# leuchtende Farben !?



## blubber (23. Juli 2003)

Hi,

vorweg: Ich hab in der Suche nach Begriffen wie "leuchtende Farben", "leuchten" oder "leuchtend" gesucht, jedoch meinte das Teil (was ich kaum glauben kann), dass er keine Treffer finden würde. So long...dann poste ich eben meine Frage:

Und zwar möchte ich ein Nuke - Zeichen in leuchtendem grün schimmern lassen, als sei es eben verstrahlt 

Wie lassen sich leuchtende / strahlende Farben in Photoshop realisieren?

bye


----------



## derGugi (23. Juli 2003)

hallo. Dupliziere deine Ebene, wende darauf den Gauschenweichzeichner an und stelle den Ebenenmodus auf negativ multiplizieren. Für stärkeren Glow duplizieren die neue Ebene einfach beliebig nochmals.


----------



## blubber (23. Juli 2003)

Hi,

danke für die Antwort. Das mit dem gauschen Weichzeichner sieht schonmal ganz gut aus, lediglich der Änderung des Ebenenmodi von normal auf negativ multiplizieren bewirkt keine Veränderung.

bye


----------



## derGugi (23. Juli 2003)

doch, muss es aber, denn das bewirkt ja das leuchten ;-) du musst halt schon den Ebenenmodus auf der neuen Ebene wechseln, nicht auf der alten ;-)
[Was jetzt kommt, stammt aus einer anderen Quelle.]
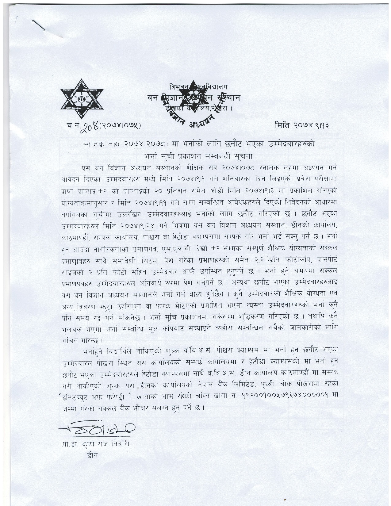 Click here to download B.Sc. Forestry Admission List for Pokhara Campus

ps: mit dem radialen Weichzeichner lassen sich auch sehr schöne Effekte erzielen


----------



## nanda (23. Juli 2003)

Vielleicht hilft Dir ja noch ergänzend ein Tut zum X-Files Effekt.


----------



## blubber (23. Juli 2003)

Jo, jetzt klappts. Danke für die Antworten.

bye


----------